I acquired a copy of MR’s December 1987 issue and have a few questions about the article on this layout.
1 - The closer map on page 91 at Sunrise has a partial line to Mountain Grove then no showing of the connection to the V&O. How does the V&O connection fit into the map?
2 - The layout drawing on page 92 has near Sunrise track for the Sawmill Run and Back Creek Subdivisions. From the article, I gather Sawmill run is just a few logging camps but what is on the Back Creek line?
3 - Are all locations on the AM and V&O real? I once tried using Mapquest to locate some of the town names, found Afton but Kingswood Jct. was somewhere else and most of the others never came up.
Hello “storknest,” 1. Two red line segments were omitted on that 1987 map. it should show a direct connection between Sunrise and Jimtown on the V&O, and a connection through Mountain Grove to the V&O at Kingswood Junction. See the map on page 69 of the March 1993 “Model Railroader.” 2. Tony Koester never developed the Back Creek Subdivision beyond what you see on that track plan. It was simply used for visible staging and as a yard lead. You’d have to ask Tony (write to him in care of MR) what notional industries the line was supposed to serve. 3. The Allegheny Midland and Allen McClelland’s Virginian & Ohio are both freelanced model railroads. Similarities between the model railroad place names and actual places are intentional, to reinforce the sense of locale, but most of them are fictitious. See Tony’s article, “The Midland Road moves coal,” in the February 1997 MR, for the most up-to-date track plan of the AM’s Appalachia Division (main layout), and the June 1998 MR for the track plan of the AM’s Coal Fork Extension, the coal branch Tony added in the adjacent family room/crew lounge. Shortly after completing the Coal Fork Extension, Tony decided to dismantle the AM and model the Nickel Plate Road’s St. Louis line, and that’s his current layout. So long, Andy
I remember in a column in MR ages ago Tony Koester said he did use actual names of places from a map. However the places on his layout were not necessarily as they appeared in reality. The example he gave was of some town called Gap Run. The real Gap Run is little more than a creek or something but the one on his layout had a small depot probably to suggest that there is a rest of the town somewhere beyond the modelled portion of the layout.

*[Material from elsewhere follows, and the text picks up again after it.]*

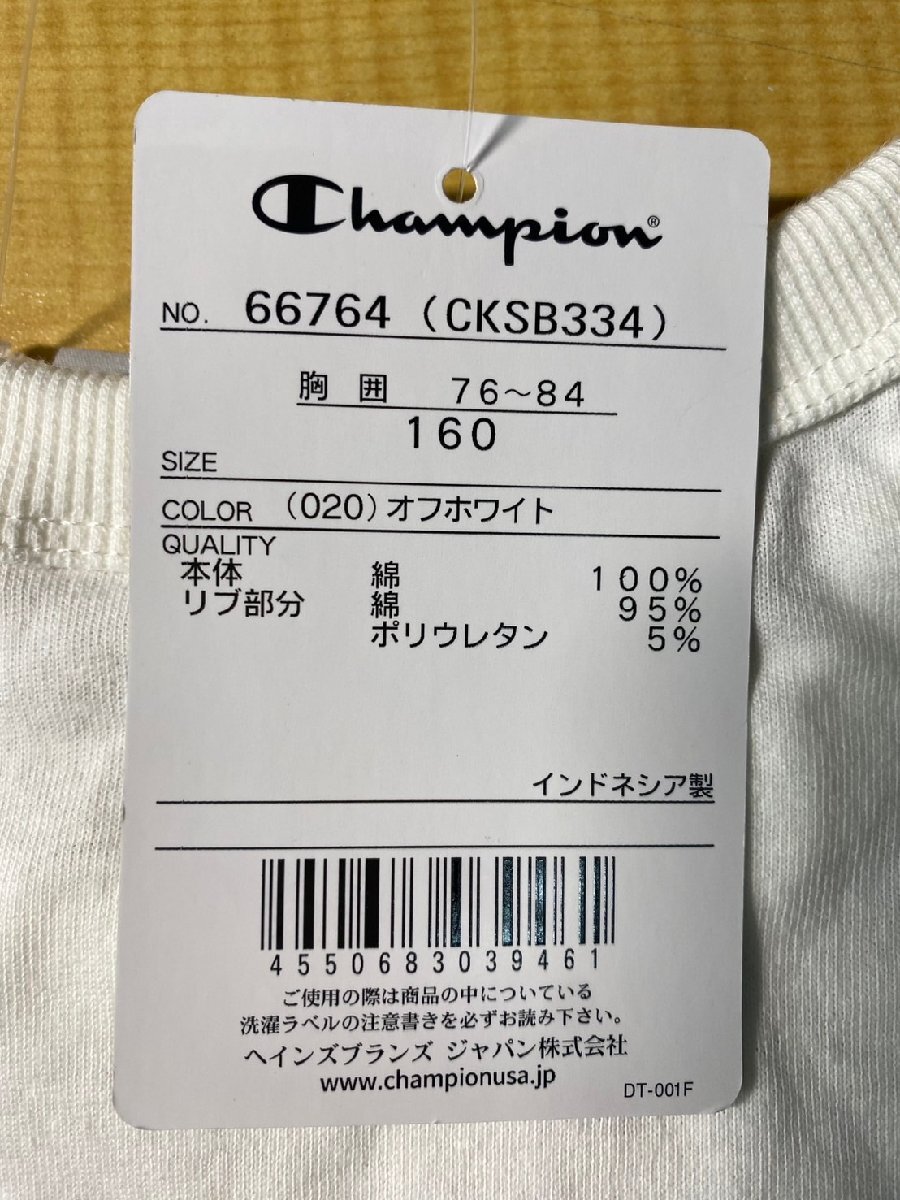 T40-66764 champion チャンピオン Tシャツ キッズ 160サイズ 胸囲76~84 オフホワイト 綿100%
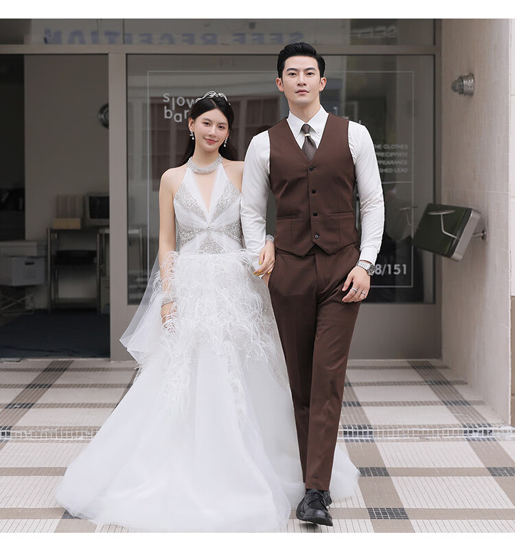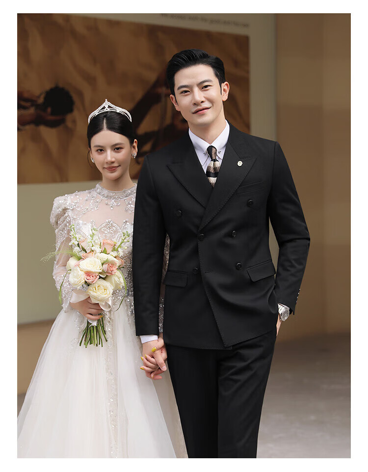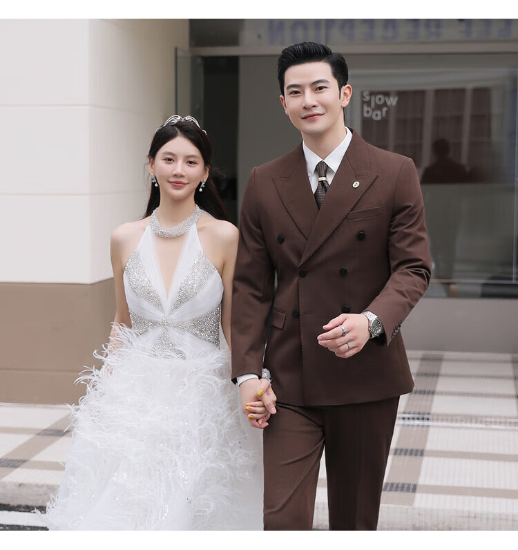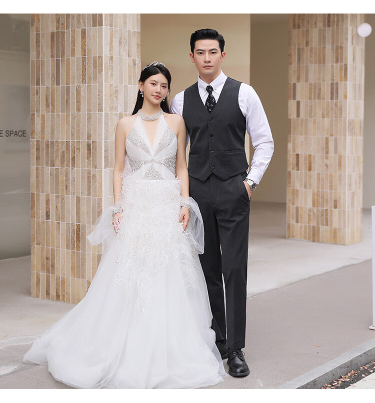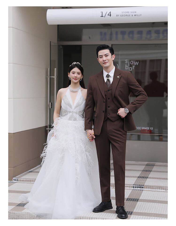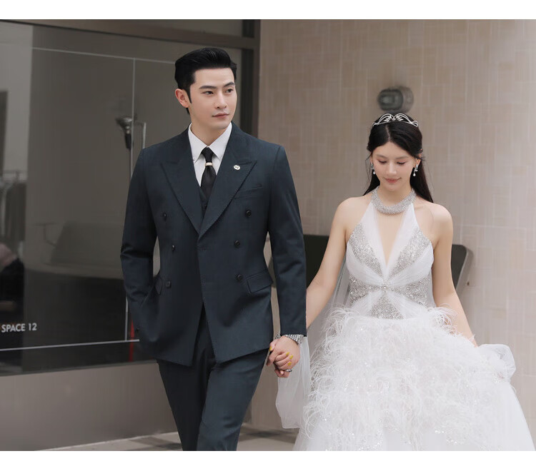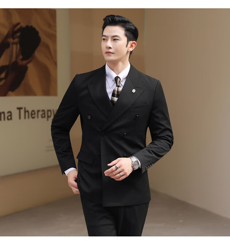 ROMON Wool Suit Suit Men's Business Casual Suit Men's Wedding Groom Groomsman Dress Professional Formal Jacket Single-breasted Dark Gray Three-piece Set Free Tie 2XL

Sperandeo and dirtyd79, thanks for the replies. I currently can only afford to do V-scale (virtual) modeling and was thinking at some point of making part of the AM so the info helps.
I had a chance to drive through West Virginia and Virginia during my vacation this year. If you want to create a “typical” AM scene, do likewise. Get into the middle of WV and leave the interstate. Take photos of anything interesting (such as the small towns just beyond the gas station).
It’s the ambiance, not exactly copying every last detail.
Thanks but I am not up to that step yet. The way the program I’m using works (TRS2004), I first do terrain, either all “by hand” making my own hills, rivers, etc. or I can get data from certain site and using a couple of free programs convert it into terrain files so the hills, rivers, mountains, elevations are already done. That is why I am trying to figure out how the AM fit into a real map, if I know where it went, I can get the data I need for those areas and easily make the terrain files instead of making all the elevations individually.
It is kinda like reverse prototype model railroading, where a modeler would take the prototype and simulate it in modeling, I am taking a model and trying to “make the prototype.”